About the Handbook:

The World of Medicine is a complex and diverse ecosystem, containing a countless number of unusual and varied species of medical staff - be they doctors, nurses or students.

If, like me, you are a medical student, then you will often explore this fascinating place. In this handbook, you will find (hopefully) entertaining reports based on each type of species that you may encounter, including tips on how best to survive and flourish in the healthcare habitat.

Enjoy, and good luck on your travels!

Tuesday 27 October 2015

The Clinical Elephantucator

Illustration by Lynda Richardson
While most species that exist in the healthcare habitat spend most of their time at the forefront of the ecosystem, working with patients directly on a day-to-day basis, there are many creatures that choose not to, preferring a life surrounded by the bodies and limbs of countless plastic automatons over one spent in the scrutiny of the public, and the dreaded eye of Sauron (the GMC).  Lords of their own rubbery graveyards, these are Clinical Elephantucators.

Explorers will make their first encounter with an elephantucator very early on in their voyages,  usually in some distant part of the hospital dedicated to the training of young explorers. Tables adorned with plastic body parts  and under the unending, uncanny-valley gaze of an assortment of dummy heads, the clinical elephantucator is unperturbed by the eeriness of its surroundings.  Using  items found in the environment, the elephantucator seeks only to educate and train explorers in the skills they'll need to survive the healthcare habitat.

Given the environment's secluded nature and distance from the domain of patients, at first glance many explorers can perceive time spent in this slightly creepy patient-desolate wasteland to be completely fruitless, but this observation is far from the truth. In few areas of the hospital will an explorer be able to practice their clinical skills at such a high rate (unlike plastic arms, most patients tend to object when they are repeatedly stabbed with a cannula), and teaching sessions come more frequently in the plastic graveyard than on the ward. Particularly in early years, time spent with clinical elephantucators are vital.
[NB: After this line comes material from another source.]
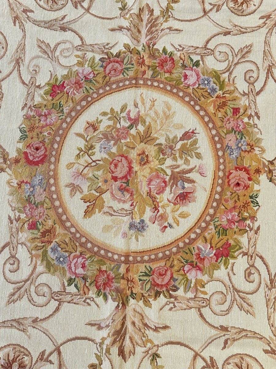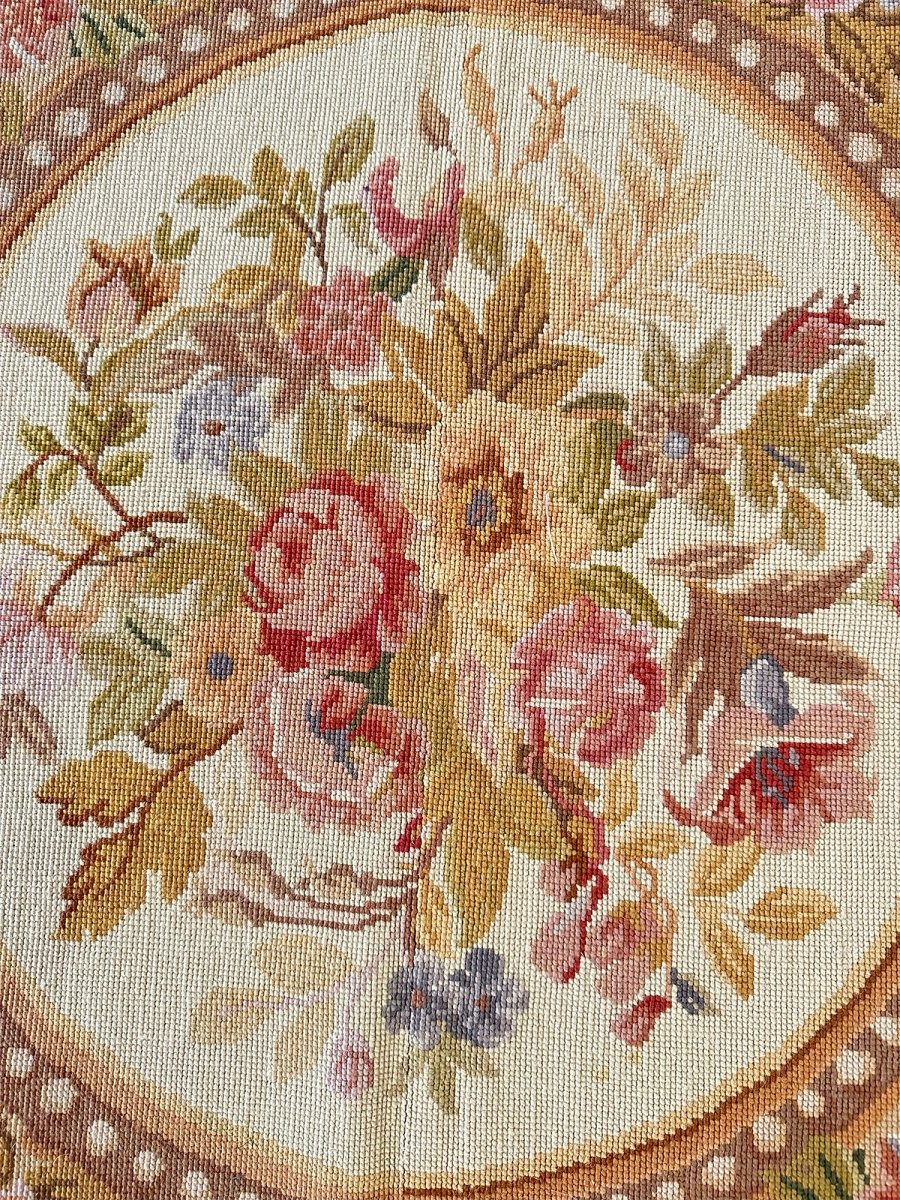 Handcrafted from wool, this needlepoint rug offers a smooth, tapestry-like texture, combining durability with decorative artistry. Made in China and new in condition, it brings timeless refinement and visual elegance.

The clinical elephantucator takes great pleasure in spreading its wealth of knowledge of the healthcare habitat to those eager to learn. Be this clinical skills, history or examination or  OSCE advice, the species has extensive insight into what is expected of an explorer, and therefore can provide some of the best guidance, particularly in terms of what to revise and what to include or exclude on OSCE stations where an explorer's time is running short. Some will even let you take treasures from the graveyard, including gloves (the single biggest bane of this individual explorer's existence), cannulas and countless more, enabling practice away from the healthcare habitat entirely.
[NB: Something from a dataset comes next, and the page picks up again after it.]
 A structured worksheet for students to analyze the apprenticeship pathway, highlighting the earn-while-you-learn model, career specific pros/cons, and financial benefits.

One note of caution for explorers to take is that elephantucators, not tied down with treating countless patients, possess an almost perfect memory, meaning individuals of the species can retain knowledge regarding a specific explorer  despite not having see them for weeks, months or even years. This can be beneficial to those who make positive first impressions, but hazardous to an individual who makes a negative or clumsy impression. No matter how many times you have taken blood perfectly since, the elephantucator will remember that first time when you boasted of your own ability, only to stab yourself taking it out of the packet. And given the species desire to spread knowledge, he will enjoy ensuring everyone else knows as much as he does.

The elephantucator is a friend to the novice explorer, a guiding hand to teach all that they need to survive life in the bustling ecosystem that is the healthcare habitat.